Last year our FFO-to-debt ratio was less than 15 per cent. Thanks to our debt reduction and also good performance in 2014, we finished the year at 16.9 per cent. This is good, but our target is and remains 20 per cent.
We expected funds from operations will remain at similar levels through 2015, more debt reduction will be required to meet to our target.
Today we have $4.4B of adjusted debt (net debt plus 50 per cent of our preferred shares). Assuming FFO in the range of $720 million to $770 million to the end of 2015, we should carry between $3.8 billion to $4 billion of adjusted debt. This means we need to reduce our debt by $300 million to $500 million in 2015. We also need approximately $550 million to fund the construction of the 150 MW South Hedland project.
In total, we need roughly $1 billion of capital in 2015 to execute our plan and more as we expand our business. Our plan to raise that capital will include some of the strategy we have used in the past, such as issuing preferred shares or continuing our dividend reinvestment plan. But going forward, we will also use TransAlta Renewables as a funding source.
We created TransAlta Renewables (RNW) in 2013 to be our sponsored vehicle to own our long‐term contracted assets. Our intention was to establish a currency that we can use to grow the business. Since we launched it in 2013, RNW’s performance has been solid.

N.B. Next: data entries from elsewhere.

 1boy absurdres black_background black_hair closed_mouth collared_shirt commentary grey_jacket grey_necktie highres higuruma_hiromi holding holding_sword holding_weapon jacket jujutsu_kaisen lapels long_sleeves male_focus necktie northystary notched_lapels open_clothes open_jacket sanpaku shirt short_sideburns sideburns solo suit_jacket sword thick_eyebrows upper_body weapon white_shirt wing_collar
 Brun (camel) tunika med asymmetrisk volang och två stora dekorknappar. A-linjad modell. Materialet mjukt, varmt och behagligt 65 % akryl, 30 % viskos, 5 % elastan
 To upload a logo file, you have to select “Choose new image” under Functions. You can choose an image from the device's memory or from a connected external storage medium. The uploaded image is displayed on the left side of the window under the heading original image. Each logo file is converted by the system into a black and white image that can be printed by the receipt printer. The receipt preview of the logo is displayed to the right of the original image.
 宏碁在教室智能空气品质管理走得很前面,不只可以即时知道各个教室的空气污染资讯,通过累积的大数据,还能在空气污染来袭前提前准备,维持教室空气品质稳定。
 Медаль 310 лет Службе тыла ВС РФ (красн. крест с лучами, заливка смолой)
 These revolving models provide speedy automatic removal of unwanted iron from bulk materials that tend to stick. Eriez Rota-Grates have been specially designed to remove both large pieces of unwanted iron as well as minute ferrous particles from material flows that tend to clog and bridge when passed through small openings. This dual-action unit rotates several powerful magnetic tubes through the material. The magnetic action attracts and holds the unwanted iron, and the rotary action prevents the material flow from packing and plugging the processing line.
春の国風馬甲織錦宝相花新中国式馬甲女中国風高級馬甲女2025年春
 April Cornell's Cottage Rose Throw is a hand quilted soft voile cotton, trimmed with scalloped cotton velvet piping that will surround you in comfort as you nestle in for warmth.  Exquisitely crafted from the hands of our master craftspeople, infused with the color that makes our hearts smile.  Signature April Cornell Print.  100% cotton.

We also increased RNW’s dividend by three per cent after acquiring the Wyoming wind project in 2013. We are committed to these assets, and we expect to maintain a high level of ownership in our sponsored vehicle. Selling down our interest in TransAlta Renewables is not an option for us in the foreseeable future, so any asset we will drop down will be funded by using cash and equity at TransAlta Renewables as we maintain our ownership level.
A “drop-down” is the sale of assets to a subsidiary that is majority owned by the parent company and with public shareholders owning the minority position. As the 70 per cent majority sponsor of TransAlta Renewables, TransAlta still retains 70 per cent ownership of any assets that are dropped down into that subsidiary.
There are more than $3 billion of assets that we can sell to TransAlta Renewables in our portfolio over the next few years. That should provide RNW shareholders with visibility on future growth.
Our hydro assets in Alberta are clearly a good candidate. These assets will be non-contracted past 2020 when the PPAs in Alberta expire.
Our Australia businesses also fit very well the RNW investment profile. With the addition of South Hedland in 2017 and our interest in the Solomon pipeline, the average duration of our contract in Australia is more than 18 years. Our customers include solid mining companies and government‐owned utilities. A large portion of our cash flow in Australia is also denominated in US dollars, which reduces our exposure to the Australian currency.
The other asset that could fit well into drop-downs to TransAlta Renewables is our gas-fired portfolio in Canada. The Sarnia facility, for example, has a long‐term contract expiring between 2022 to 2025 and generates roughly $80 million of cash flow, very stable cash flow, annually.
Lastly, when we created TransAlta Renewables in 2013, we elected not to include a wind project in Quebec and a hydro project in Ontario. Each of those have long‐term contracts and could also be sold to TransAlta Renewables in the future.
We believe that raising $700 million to $1 billion over the next two or three years is very achievable. These actions will provide investors with visibility on the growth prospects of TransAlta Renewables, which will positively impact its valuation and its trading multiple.